Acara yang paling menonjol adalah permainan "merebut belut dari toples" – sebuah pertunjukan yang berakar kuat pada kepercayaan kesuburan. Di tengah dentuman gendang yang meriah dalam festival tersebut, para pemuda dan pemudi berlomba-lomba menangkap belut, menciptakan suasana yang semarak dan gembira, serta menyampaikan harapan akan kesuburan, kemakmuran, dan panen yang melimpah bagi para petani sederhana.

Setiap tahun, selama festival, komune Vinh Tuong menyelenggarakan permainan rakyat "mencuri belut dari guci" - sebuah pertunjukan yang sangat berakar pada kepercayaan tentang kesuburan.
Pada tahun 2024, Kuil Duc Ong diakui sebagai Monumen Sejarah Nasional – sebuah tonggak penting yang menegaskan nilai situs tersebut. Dalam percakapan dengan kami, Bapak Nguyen Phuong Nam – Ketua Komite Rakyat Komune Vinh Tuong – menyampaikan kekhawatiran sekaligus tekadnya: "Di tengah urbanisasi, Kuil Duc Ong tetap menjadi 'jiwa' yang menghubungkan masa lalu dengan masa kini. Kami berupaya untuk mengintegrasikan situs ini ke dalam jalur wisata utama provinsi, sehingga Kuil Duc Ong dan Dam Rung akan selamanya tetap menjadi lokasi penting untuk mendidik generasi mendatang tentang tradisi kita."

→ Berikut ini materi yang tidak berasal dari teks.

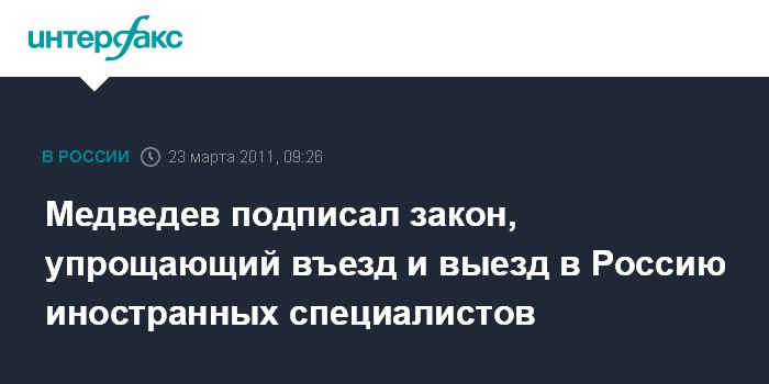 Москва. 23 марта. INTERFAX.RU - Президент России Дмитрий Медведев подписал федеральный закон "О внесении изменений в федеральный закон "О миграционном учете иностранных граждан и лиц без гражданства в РФ" и отдельные законодательные акты РФ", сообщает в среду пресс-служба Кремля.
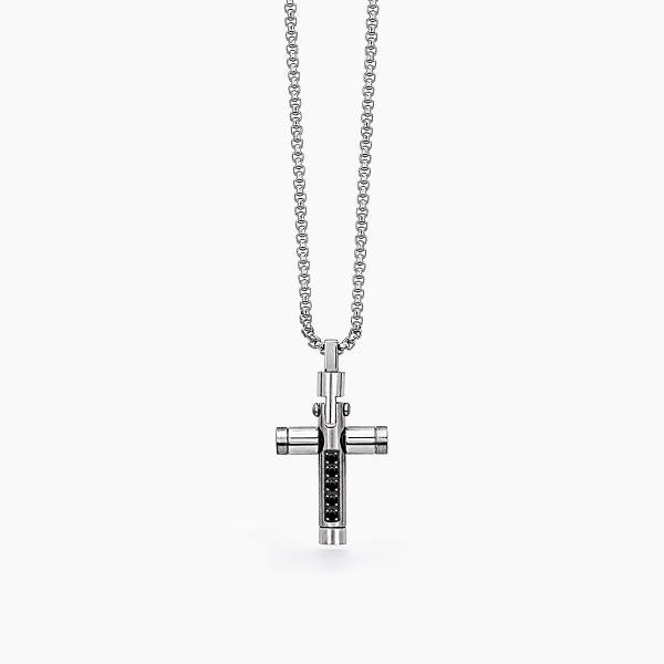 Collana in acciaio 316L con catena veneta 1.5 mm, pendente croce 16x25 mm con PVD nero e cristalli Ø 1 mm, lunghezza 50 cm
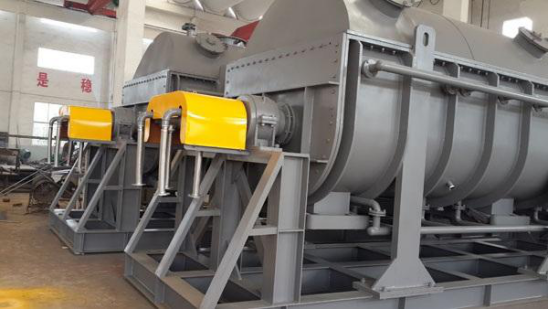 空心軸上密集排列著楔型中空漿葉,熱介質(zhì)經(jīng)空心軸流經(jīng)漿葉。單位有效容積內(nèi)傳熱面積很大,熱介質(zhì)溫度從-40℃到320℃,可以是水蒸汽,也可以是液體型:如熱水、導熱油等。間接傳導加熱,沒有攜帶空氣帶走熱量,熱量均用來加熱物料。熱量損失僅為通過器體保溫層向環(huán)境的散熱。楔型漿葉傳熱面具有自清潔功能。物料顆粒與楔型面的相對運動產(chǎn)生洗刷作用,能夠洗刷掉楔型面上附著物料,使運轉(zhuǎn)中一直保持著清潔的傳熱面。漿葉干燥機的殼體為Ω型,殼體內(nèi)一般安排二到四根空心攪拌軸。殼體有密封端蓋與上蓋,防止物料粉塵外泄而充分發(fā)揮作用。
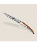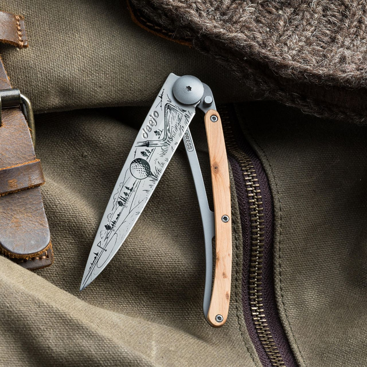 Stylový ultralehký nůž Deejo se střenkou z kořene exotického jalovce a tetováním golf.

Kuil Duc Ong terletak di lokasi yang strategis, menghadap Laguna Rung (komune Vinh Tuong).
Saat meninggalkan Vinh Tuong ketika lampu-lampu kota mulai terpantul di laguna, bayangan kuil kuno di samping pohon beringin tua itu terpatri dalam benakku. Itu bukan hanya struktur arsitektur, tetapi denyut nadi sejarah, jiwa dari tanah yang memiliki makna spiritual dan orang-orang yang luar biasa, yang bertahan melewati pasang surut waktu. Kuil Duc Ong adalah tempat di mana siapa pun, yang dibebani kekhawatiran, dapat menemukan ketenangan dalam nilai-nilai abadi leluhur mereka.